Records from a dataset
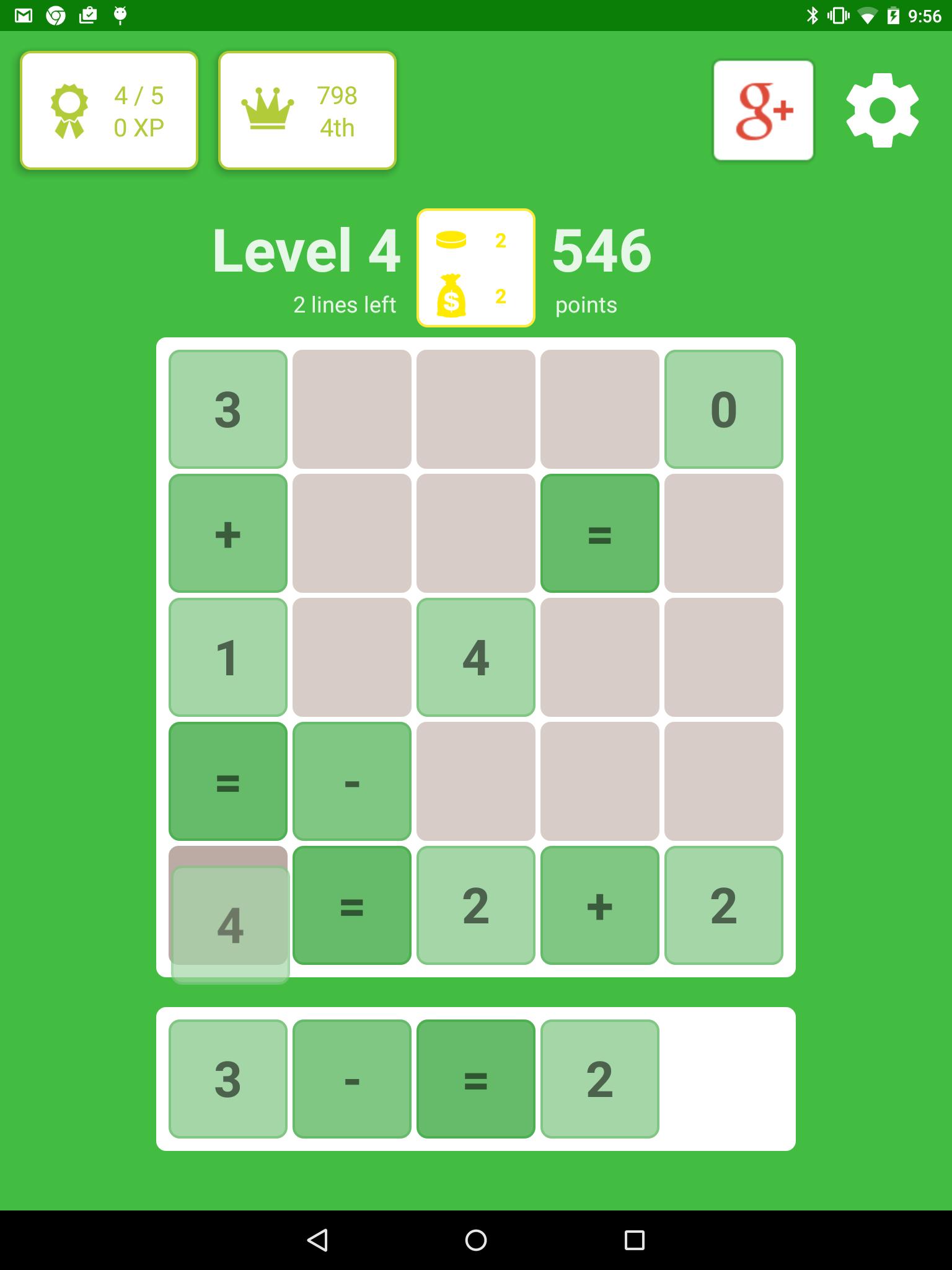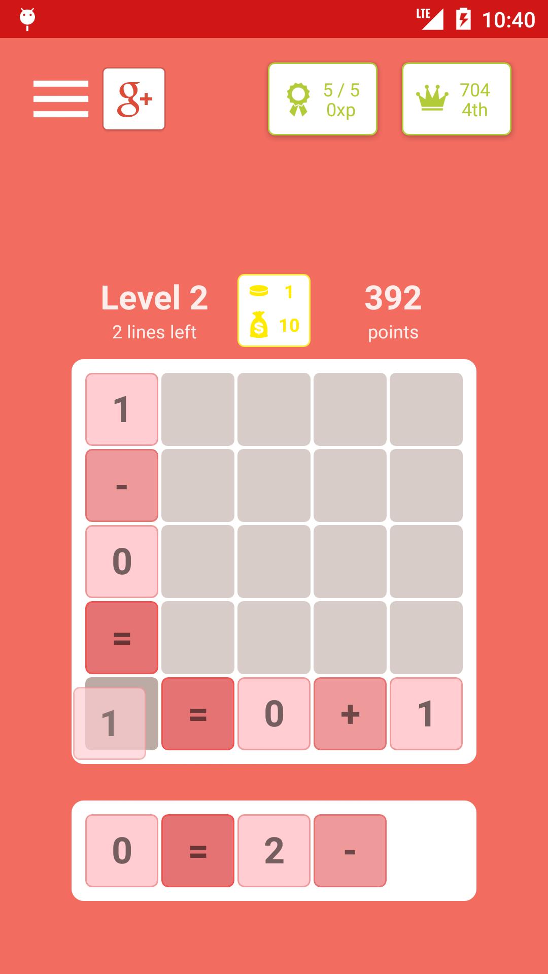 The goal is to finish all 10 levels, writing the correct operations in the grid with numbers and operators available. Any complete operation disappears from the grid to make room for the following.
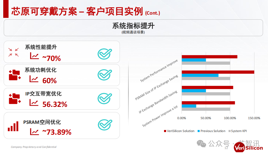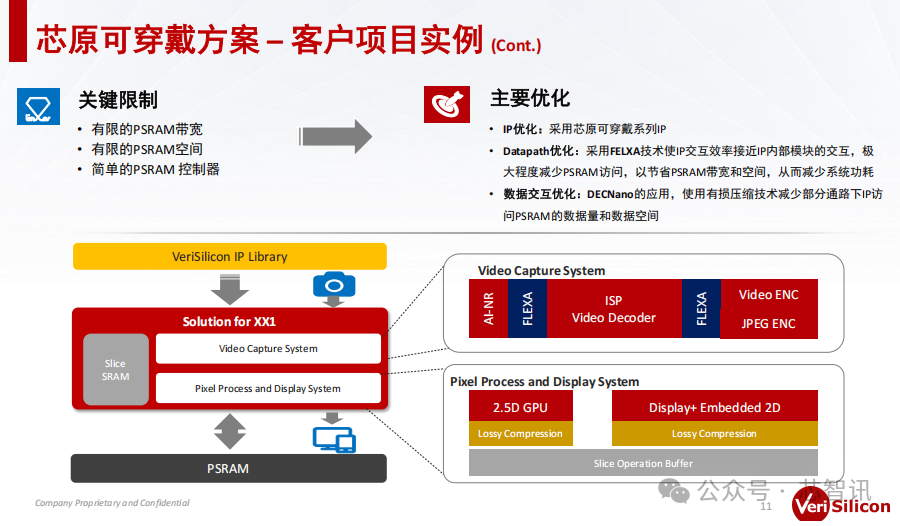 具体来说,客户在采用了芯原可穿戴系列的IP之后,整体上相对于原始方案面积节省了20%,在IP级的功耗上降低了30%;客户深入地基于芯原的可穿戴方案的技术点分析了整个产品芯片的应用场景,去对芯原的整个子系统进行了一个重新的重分配,在Datapath上做了更多的优化,在整个Datapath上用了FLEXA数据压缩,使得子系统几乎做到了全DDRS的方案,对外存的访问降低到了极低的一个比例。
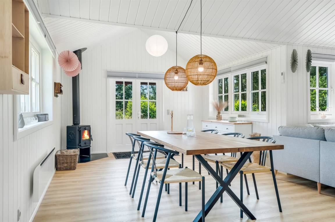 DraußenDie Ferienunterkunft liegt auf einem 1203 m² großen Naturgrundstück. Die Entfernung zum Meer beträgt 8000 m. Die Entfernung zum Fjord beträgt 350 m. Die nächste Einkaufsmöglichkeit liegt 9000 m entfernt. Es steht ein offenes Terrassenareal zur Verfügung. Außerdem gibt es überdachte Terrasse. Außendusche. Parkplatz auf dem Grundstück.
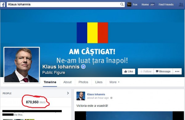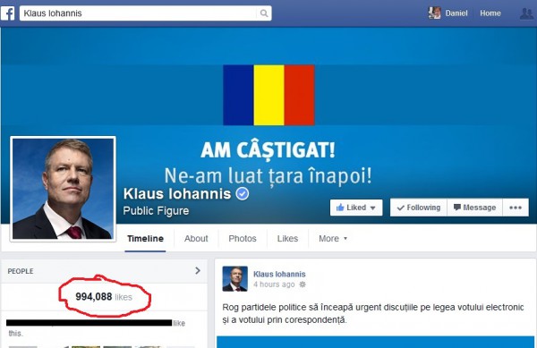 Duminică, la scurt timp după închiderea urnelor și anunțul victoriei, pagina lui Iohannis avea 871,000 de like-uri. Extraordinar este că luni seara, doar 24 de ore mai târziu, pagina de Facebook a viitorului președinte al României avea 994,088 de like-uri și că nu a avut nevoie decât de încă 12 ore pentru a atinge pragul de un milion.
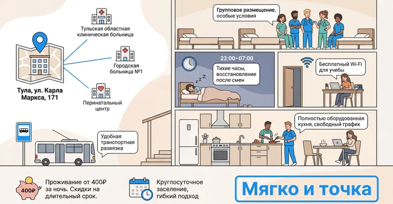 旅馆"Myagko i Tochka"位于图拉市中心卡尔-马克思街171号。交通便利,可轻松到达图拉州立临床医院、市第一医院、围产期中心和其他医疗机构。5人以上团体入住可享特别优惠。
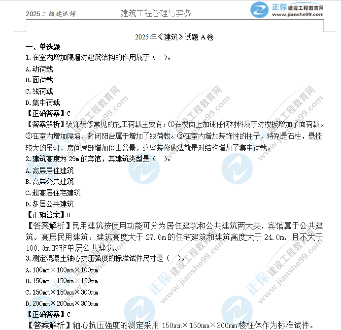 2025年二級建造師建筑實務真題及答案解析
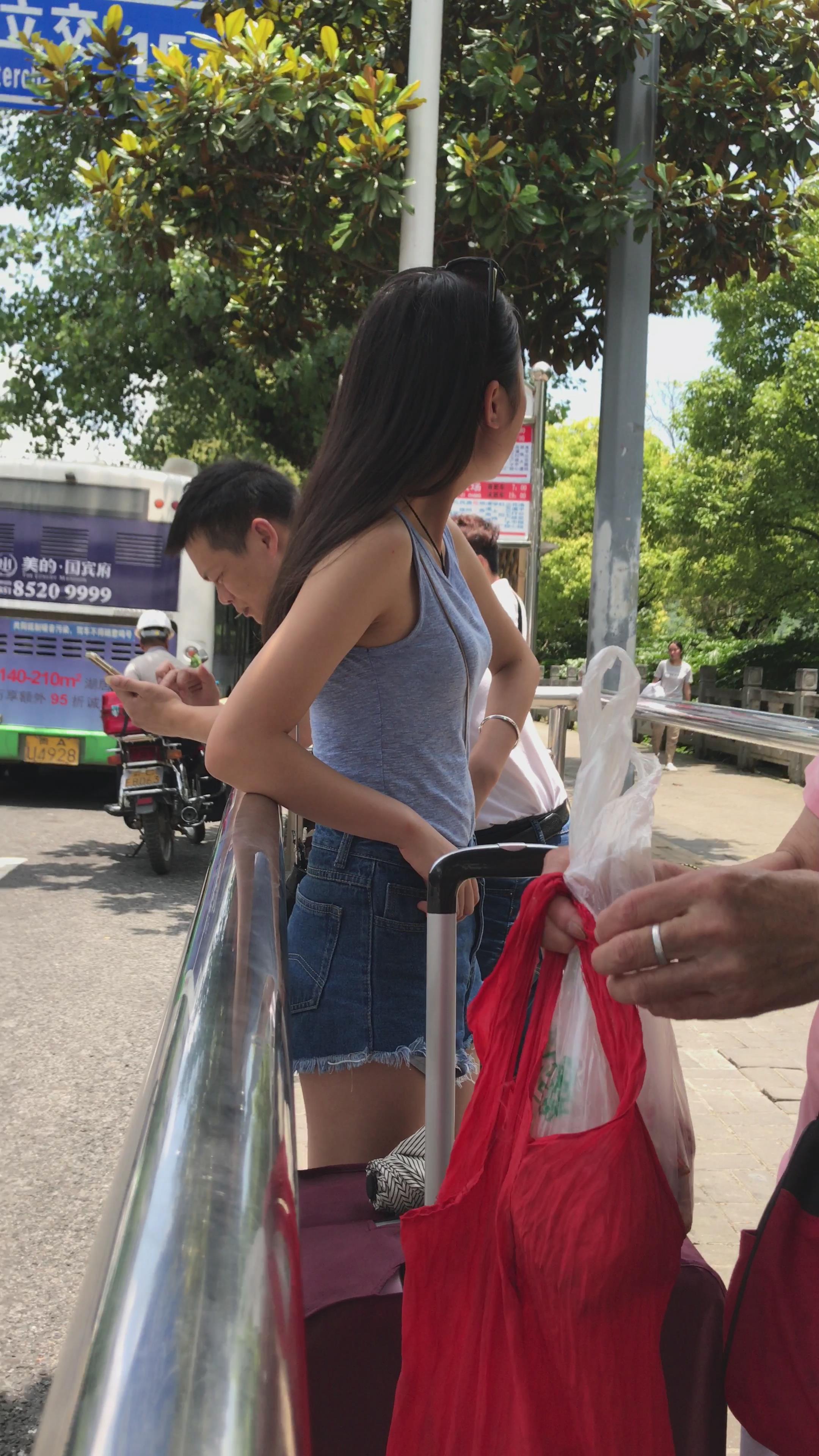 4K - 等车的高腰热裤丰满街拍美女 编号3356
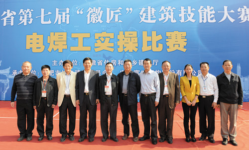 10月23日上午,由安徽省住房和城鄉(xiāng)建設(shè)廳主辦,合肥市城鄉(xiāng)建設(shè)委員會、富煌鋼構(gòu)股份有限公司共同承辦的安徽省第七屆"徽匠"建筑技能大賽電焊工實操比賽在富煌焊接研究所隆重舉行。省住房和城鄉(xiāng)建設(shè)廳副廳長曹劍、建筑市場管理處處長陳幼年、調(diào)研員張行遠(yuǎn)、盛世福,合肥市城鄉(xiāng)建設(shè)委員會建筑業(yè)管理處處長王榮村,富煌鋼構(gòu)總經(jīng)理戴陽、副總經(jīng)理曹玉林、總經(jīng)理助理劉宏、沈萬玉等省市及公司領(lǐng)導(dǎo)親臨大賽現(xiàn)場觀摩。
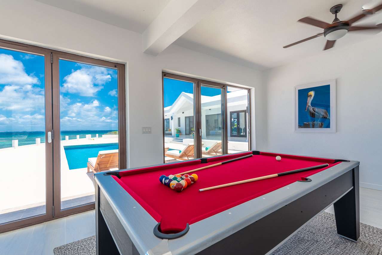 In the poolside guesthouse is another common area, with a large pool table on the ground floor. It’s a great spot to gather together for some indoor entertainment, enjoying some cocktails and a game or two.
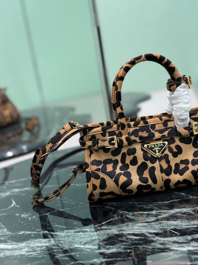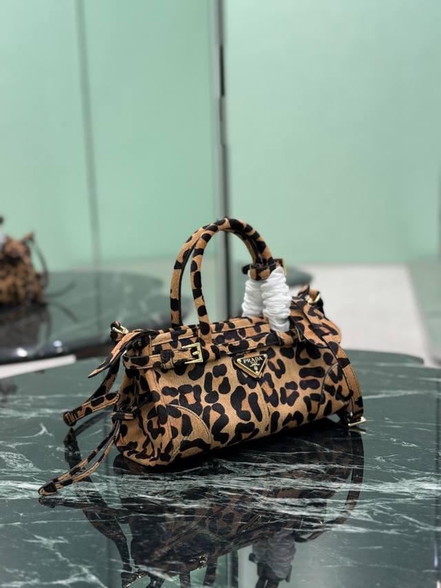 Leopard Print Luxsoft Mini Handbag (Ddd) This mini leopard print handbag exudes a futuristic style. Featuring the iconic triangular logo, it comes with a long shoulder strap for hand-carrying, shoulder-carrying, or crossbody wear. It's incredibly fashionable, with a casual yet sophisticated and practical design. This retro-style bag is perfect for everyday outings, and wearing it gives you a cool and stylish look! (Ddd Dimensions: 23.5
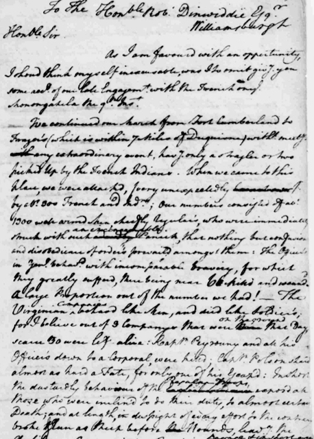 One of my favorite primary sources in American history is a letter I present to students without revealing the author. I tell them it was written to Virginia’s colonial governor, Robert Dinwiddie, after the Battle of Monongahela. But I don’t tell them it was written by 33-year-old Colonel George Washington, commander of the Virginia regiment. Washington reports a debacle: most of the officers are dead; the troops retreated under fire; he had two horses shot out from under him. (It’s amazing that he did not die himself.) I ask students to unpack that document. It’s written in Washington’s own kind of shorthand, and the version we read is directly transliterated from the original—you can see his edits, where he struck out phrases and then wrote something else. Sometimes students say, “This guy can’t spell!”
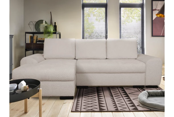 Rohová sedačka so zaoblenými tvarmi, veľkými opornými vankúšmi, úložným miestom a rozkladom. Sedacia súprava môže byť univerzálne zmontovaná ako pravý alebo ľavý roh. Očalúnená mäkučkou látkou s dlhším štruktúrovaným vlasom vo farbe svetlo béžová.

**TASK PROMPT**
Using the entries above, write out exactly the lines from the one with "具体来说,客户在采用了芯原可" through the one with "DraußenDie Ferienunterkunft liegt", ends included. Leave out any pictures.

**ANSWER FOR THE TASK**
 具体来说,客户在采用了芯原可穿戴系列的IP之后,整体上相对于原始方案面积节省了20%,在IP级的功耗上降低了30%;客户深入地基于芯原的可穿戴方案的技术点分析了整个产品芯片的应用场景,去对芯原的整个子系统进行了一个重新的重分配,在Datapath上做了更多的优化,在整个Datapath上用了FLEXA数据压缩,使得子系统几乎做到了全DDRS的方案,对外存的访问降低到了极低的一个比例。
 DraußenDie Ferienunterkunft liegt auf einem 1203 m² großen Naturgrundstück. Die Entfernung zum Meer beträgt 8000 m. Die Entfernung zum Fjord beträgt 350 m. Die nächste Einkaufsmöglichkeit liegt 9000 m entfernt. Es steht ein offenes Terrassenareal zur Verfügung. Außerdem gibt es überdachte Terrasse. Außendusche. Parkplatz auf dem Grundstück.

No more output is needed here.